2008 The Politics of Piling On?
posted by December 20 at 9:35 AM
onThere are two interesting investigative pieces in this morning’s New York Times. One is about the “present” votes of Barack Obama, and the other is about the finances of Hillary (and Bill) Clinton.
But which campaign is the first to roll one of these stories into an attack? The Clinton camp, which greeted me this morning with the following email:
Members of Congress To Discuss Senator Obama’s Illinois State Senate Voting Record on A Conference Call TODAYMembers of Congress will hold a conference call TODAY, Thursday, December 20, to discuss a New York Times article published today, detailing Senator Barack Obama’s present votes while in the Illinois State Senate.
Got it? TODAY is going to be all about Barack Obama’s voting record.
Ignore the hits and keep on attacking… That seems to be the Clinton strategy right now. (See also: The new attack web sites that camp Clinton is working on.)
UPDATE: Obama’s response this morning on Good Morning America.
Comments
What a pile of crap!

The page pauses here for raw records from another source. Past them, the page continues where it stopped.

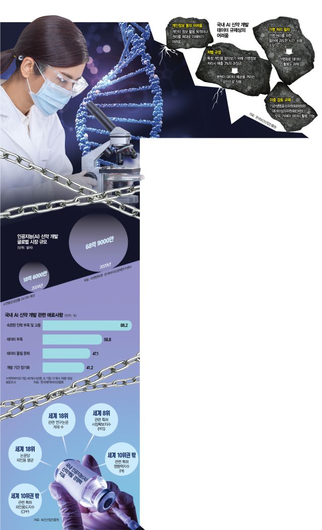 국내에서 관련 산업이 정체되고 있는 것은 고품질 데이터에 접근하지 못하고 있기 때문이다. 업계 관계자는 “신약 개발에 데이터를 활용하려면 약물 반응 정보가 포함된 데이터 생산이 필요하지만 국내에서는 폐쇄된 환경에서만 관련 데이터 접근이 가능하고 연구 외 목적으로 데이터를 구축한 사례가 많아 활용도가 떨어진다”며 “해외에서 신약 개발을 위해 생산한 데이터는 자국 연구자가 먼저 활용한 후 공개돼 혁신 신약 개발을 위한 가치는 낮아진다”고 지적했다.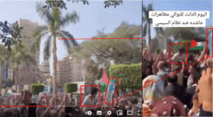 مطابقة مشاهد مقطع الادعاء – إلى اليمين – مع مشاهد متداولة في 20 أكتوبر 2023 لتظاهرات خرجت في مصر دعما لغزة
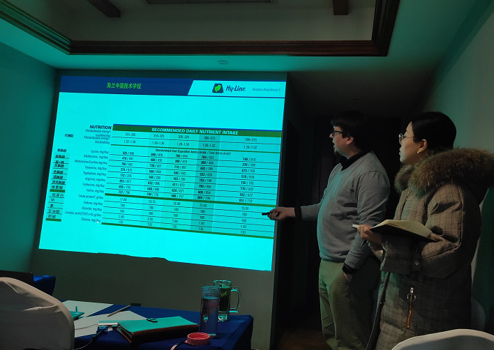 交流会上、Vitor Arantes先生对“海兰蛋鸡各阶段营养需求”及“如何提高饲料转化率”等方面进行了讲解汇报,同时,就饲养管理及技术问题进行了深入的探讨交流,双方皆获益良多。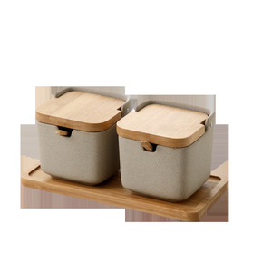厂家日式创意简约竹盖养身陶调味罐厨房调味调料盒3件糖盐罐三件
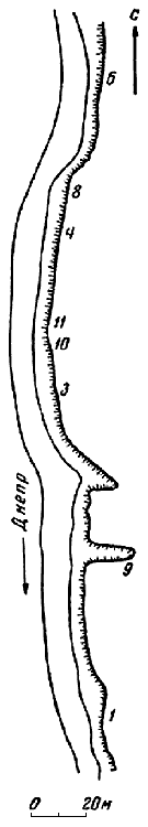 [Закрыть]. Расстояние между отдельными жилищами составляло 10–70 м. Другого рода построек выше по склону берега выявить не удалось. Разведывательные траншеи, заложенные в 1956 г. перпендикулярно линии берега, на некотором расстоянии от него, показали, что культурный слой далеко в глубь террасы не идет и отличается бедностью находок; в 30 м от берега он исчезает полностью. Все восемь открытых построек были одного типа – одинаково ориентированные полуземлянки, опущенные своей нижней частью в материковый лёсс.
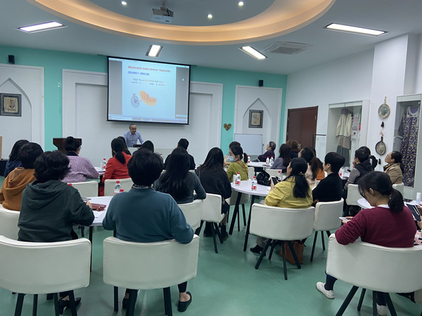 讲座中,饶教授以大量丰富的案例,把前沿的食品纳米颗粒与人体自由基生物学研究的科学新知,结合茶汤、骨汤、河蚬汤等具有健康调养功能的传统食品,以及具有强力抗氧化活性的专利护肤产品,深入浅出的为大家解读了饮食保健背后的科学真义,同时,还为老师们的日常自我调养提出了一些简单易学的实用方法。

Obama has had his Hillary attack website up for over a month. Both he and Edwards have done little BUT attack Hillary for months now. If you are going to be 110% Obama biased - you should at least admit it. You are, after all, supposedly a journalist.

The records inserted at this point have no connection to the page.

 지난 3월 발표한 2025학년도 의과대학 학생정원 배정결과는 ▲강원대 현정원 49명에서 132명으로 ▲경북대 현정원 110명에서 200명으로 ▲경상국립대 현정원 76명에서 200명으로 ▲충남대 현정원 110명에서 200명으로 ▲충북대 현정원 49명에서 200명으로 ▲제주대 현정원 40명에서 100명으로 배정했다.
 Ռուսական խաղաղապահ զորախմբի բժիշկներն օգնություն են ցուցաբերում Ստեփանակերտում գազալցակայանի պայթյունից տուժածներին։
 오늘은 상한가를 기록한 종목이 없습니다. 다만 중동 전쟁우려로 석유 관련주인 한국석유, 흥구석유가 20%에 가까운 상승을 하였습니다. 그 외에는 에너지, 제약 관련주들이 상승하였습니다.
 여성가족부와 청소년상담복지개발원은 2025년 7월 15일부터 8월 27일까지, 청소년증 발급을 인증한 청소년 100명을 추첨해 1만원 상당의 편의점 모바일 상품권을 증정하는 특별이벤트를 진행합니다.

WTF, she can't talk about Obama's voting record?
Sure, she can discuss his voting record, but as he explained on GMA this morning, his "present" votes are a non-issue.
Of course, GOP hacks have been overblowing non-issues for years (Lee Atwater, Karl Rove, et al) but I'm not sure why Hillary would want to join in such company.

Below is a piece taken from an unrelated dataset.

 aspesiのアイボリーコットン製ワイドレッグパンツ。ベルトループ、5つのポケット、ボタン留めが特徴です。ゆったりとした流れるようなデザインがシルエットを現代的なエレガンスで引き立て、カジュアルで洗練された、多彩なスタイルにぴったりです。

Of course she can. But I think attacking Obama makes him stronger, not weaker.
he deflects her attacks in a way that somehow make her look much worse once the dust settles.
Slime descends to it's own level.
Sad, very sad.
finally - it looks like obama is good on the defensive! (and clinton, not so good on the offensive...)
Atwater and Rove won.
They won.
SLime often works.
Shouldn't we think about that instead of hoping for a sudden dramatic change in the nature of politics in the USA?
People always say they want that kind of change but in the end the middle 10% of the voters in Middle America is moved by attack ads.
O's negatives may rise dramatically when the R's make him out to be what he is: a liberal, urban, Northern, internationalist progressive.
All things we like in Seattle. We'd love him to be our professor!
But do independent voters in Missouri and Ohio and Kentucky like it?
There's no history to suggest they do.
Spcifically, R's will attack him for avoiding the vote in Iran (irresponsible, selfish, soft on terror), for voting present in Ill. (soft on crime, indecisive, trying to please everyone) (rebuttals based on Ill. "political culture" are way over the head of most Americans in a 30 second TV spot); for saying pot helped him as a teenager (!!! likes drugs, advocates illegality, demands he retract it, then attack for being a flip flopper), for saying he did coke (felonies!) but not coming out to favor release of every single other person who is in jail for cocaine possession (hypocrite, would release XX,000 felons); for inviting Fidel and Hugo to the White House (comsymp), for favoring illegals with drivers' licenses (anti American, even 75% in NY State are against this, didn't you read the memo posted on Slog a day ago? ), for saying on a questionnaire that he wants handgun registration (D's need the votes of gun lovers in Middle America; the explanation that the answers were "unauthorized" woudl confirm his inexperience and lack of executive ability).
And for being a mere first term Senator without much of a record on the national scene.
Just sayin'.
It bears thinking about.
It is sort of surprising that the NYT article comes up with so little dirt. If Clinton gets people so riled up they actually read the article, I fear it will be underwhelming. The present votes it addresses all seem conscientious and defensible.
@8 - yeah, and what do you get with slime? right, you get slime in the WH.
America doesn't want that.
We deserve better.
His explanation of this "present votes" makes them a non-issue (#3)? Howso? Because he says so? Look, they might have been politically savvy, but isn't that what people dislike about Clinton? Too political? Seems he might not be as "outside the system" as some would have you believe.
@9 Right on. When I saw the NYT headline last night, my immediate reaction was "oh shit." After reading the article, it seemed like a total non-issue.
I remember when Europe was voting on the EU constitution, my Spanish family was upset that they couldn't vote "present" as a protest to the rushed process, so they didn't vote at all. It seems that Illinois legislators who know the history of the process (i.e. Madigan) feel the same way.